Abstract

Background: Trastuzumab was considered a cost-effective adjuvant treatment for HER 2-positive early breast cancer. Since 2010, the Taiwanese National Health Insurance (NHI) has started to reimburse for 1-year adjuvant treatment. This study aims to provide an updated cost-effectiveness analysis from the NHI perspective, which explores assumptions about long-term cardiac toxicity and treatment benefit of 1-year adjuvant treatment sequentially after chemotherapy.Methods: A Markov model was used to evaluate the cost-effectiveness of 1-year adjuvant trastuzumab for HER-2/neu positive early breast cancer over a 20-year life-time horizon. A probability sensitivity analysis using Monte Carlo simulation was performed to characterize uncertainties in the expected outcomes, which are expressed as an incremental costs effectiveness ratio (ICER, cost/QALY). A willingness-to-pay threshold of 3-times the per capita gross domestic product was adopted according to the WHO definition.
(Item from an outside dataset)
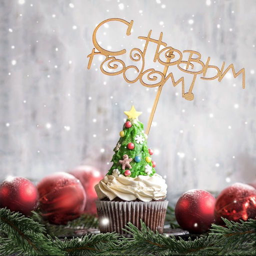 Цена за 3 шт. Топпер "С Новым Годом!", золотой, в пакете с подвесом, 124,5см Дарим Красиво
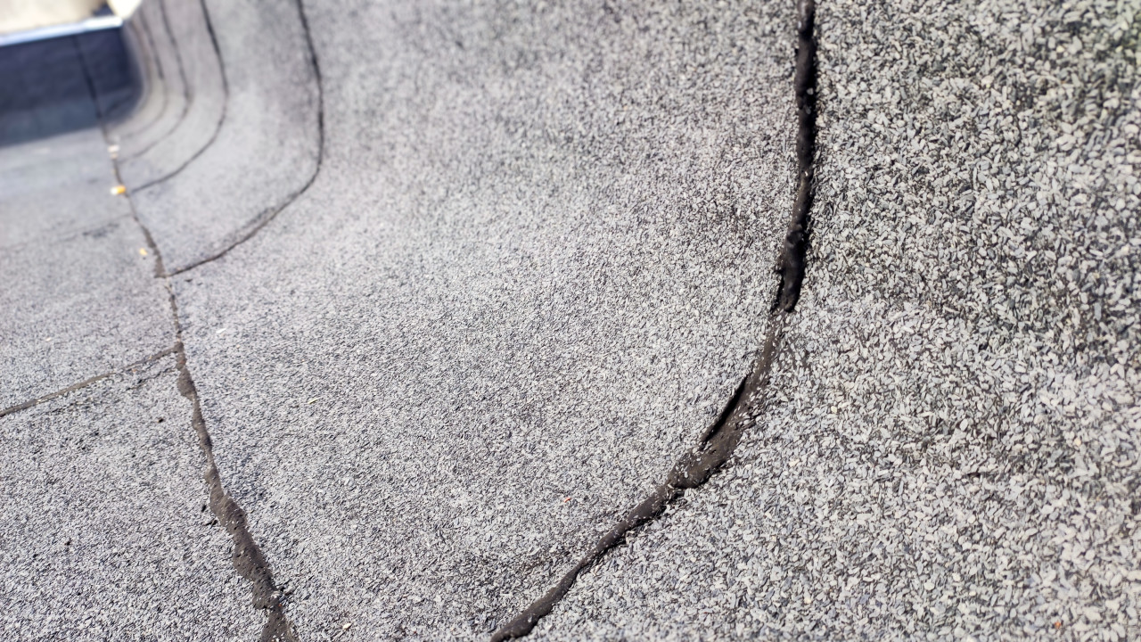 Трещина в изгибе рулонного покрытия на крыше

The Taiwan per capita gross domestic product in 2015 was US$22,355; thus, a threshold was considered as NT$2,011,950 (US$67 065, 1USD =30 NTD in 2015).Results: The model showed that adjuvant trastuzumab treatment in HER-2/neu positive early breast cancer yielded 1.631 quality-adjusted life-years (QALY) compared with no trastuzumab treatment. The ICER was US $51,863 per QALY gained in the base-case scenario. The Monte Carlo simulation by varying all variables simultaneously demonstrated that the probability of cost-effectiveness at the willingness-to-pay threshold of US$67,065 was 50% for 1-year adjuvant trastuzumab.Conclusions: From this real-world study, 1-year adjuvant trastuzumab treatment is likely to be a cost-effective therapy for patients with HER-2 positive breast cancer at the willingness-to-pay threshold of 3-times GDP per capita in Taiwan.